In the months leading up to the truck’s purchase, Lyon had lost both of his parents. His dad died of heart disease less than a year after his mom died of an illness she’d battled for years. As a self-employed engineer and consultant, he was able to take a good bit of bereavement time, and after he bought the truck, he turned his attention to converting its remains into the real-world form of the Transformers-based Decepticon Motormaster.
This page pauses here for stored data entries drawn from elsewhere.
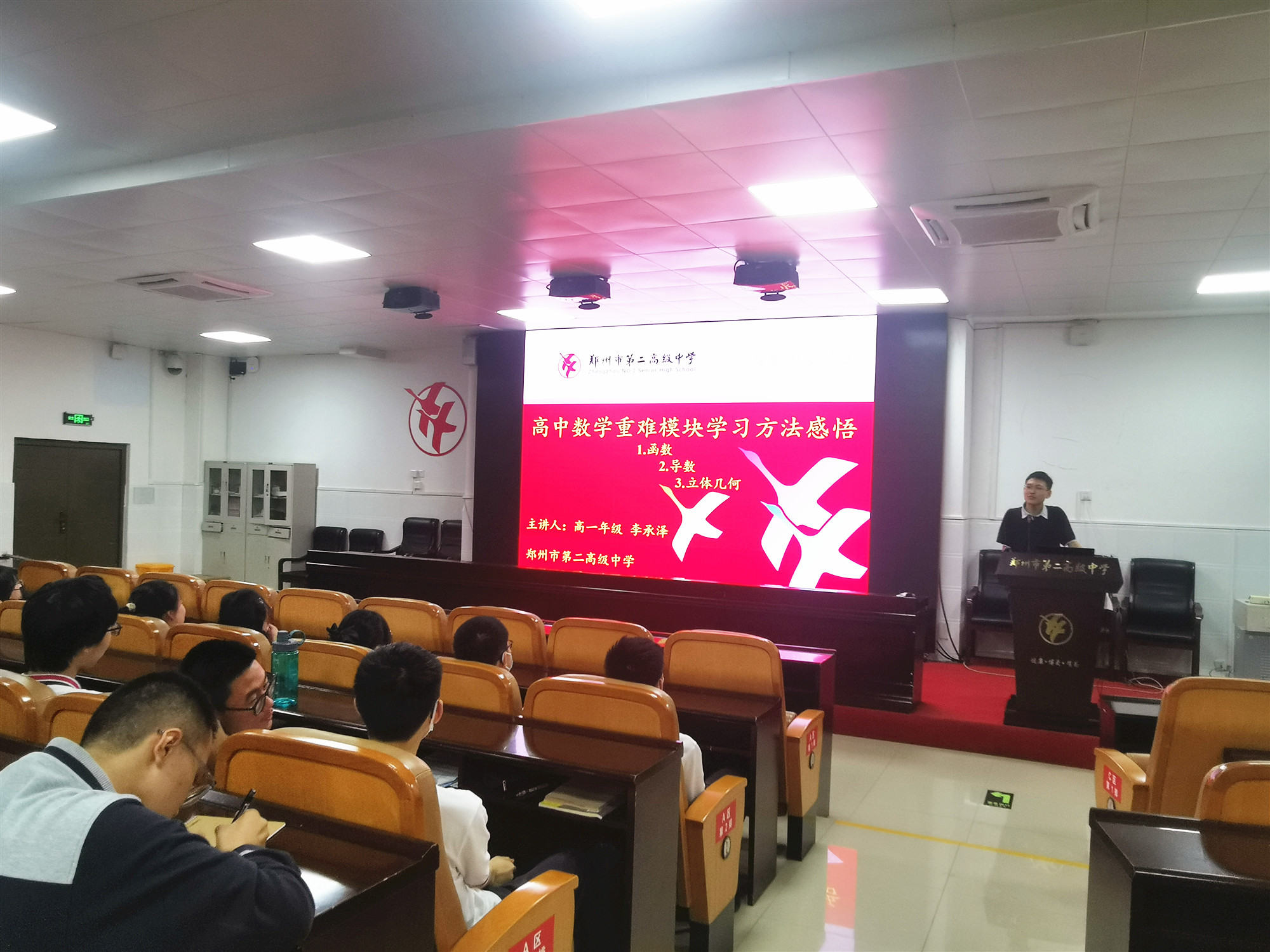 下午,上海市市西中学、郑州市第二高级中学的几位同学分别分享了自己高中数学学习、论文撰写与数学竞赛等方面的经历。同学们在分享中既讲述了自己在数学学习方面的一些成功经验、学好数学的心态调整建议,也真诚地分享了学习过程中的一些遗憾,用经验给同学们以启发,用教训给同学们以警示。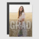 Share the joy of a high school or college graduation with custom photo magnetic announcements. The picture and wording on this template are simple to personalize, and the colors are easy to change with the Zazzle design tool. Include any details of your choice, such as party invitation info, special honors, degree title, favorite inspirational quote, graduate's contact info, or plans for the future. The magnetic backing makes them easy for family and friends to display. The elegant minimalist black and white design features modern bold white typography overlay, trendy script calligraphy and and one photo of your choice, such as a senior picture or image from the commencement ceremony. This chic graduation card is a stylish way to announce a special day celebration. Congratulations to the graduate!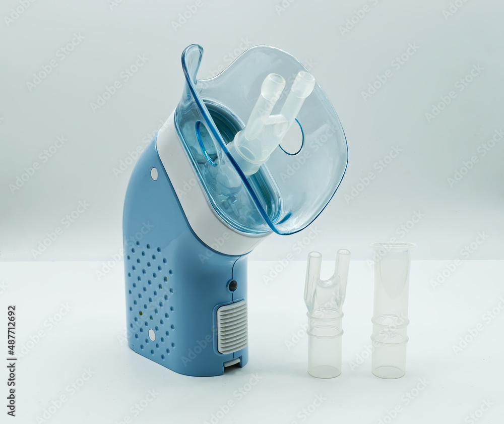 Portable compressor nebulizer on white table. Medical equipment for inhalation therapy, asthma, bronchitis.

Lyon says he had “within 95 percent of what I wanted to do with it” in his head, and “from the very beginning, I told everyone involved the most important part of the project is making everything we do fit the character and making his personality make sense in this vehicular form.”
Appropriately, 3-ft. by 4-ft. painting of a black and purple Kenworth K100E on down a deserted Southwestern highway at sunset hung in the shop at Blue Ridge Kenworth in Abingdon, Va., (the shop that helped Lyon rebuild the truck) throughout the entire project.
It served as a reference for everyone involved, and it was based on pencil sketches scribbled down at a four-hour brainstorming session in a Cracker Barrel before any work on the truck began.
The result is what Lyon calls “a mix of two worlds,” he says, in which he mixed “a little old school trucker with the other-worldly, highly advanced, futuristic technology.” Lyon says the truck’s purple neon, 3,000-watt audio system, TV and Blu-ray setup and ultra-suede interior blend with the truck’s chrome, eye-popping exhaust system and overall old school look to do just that.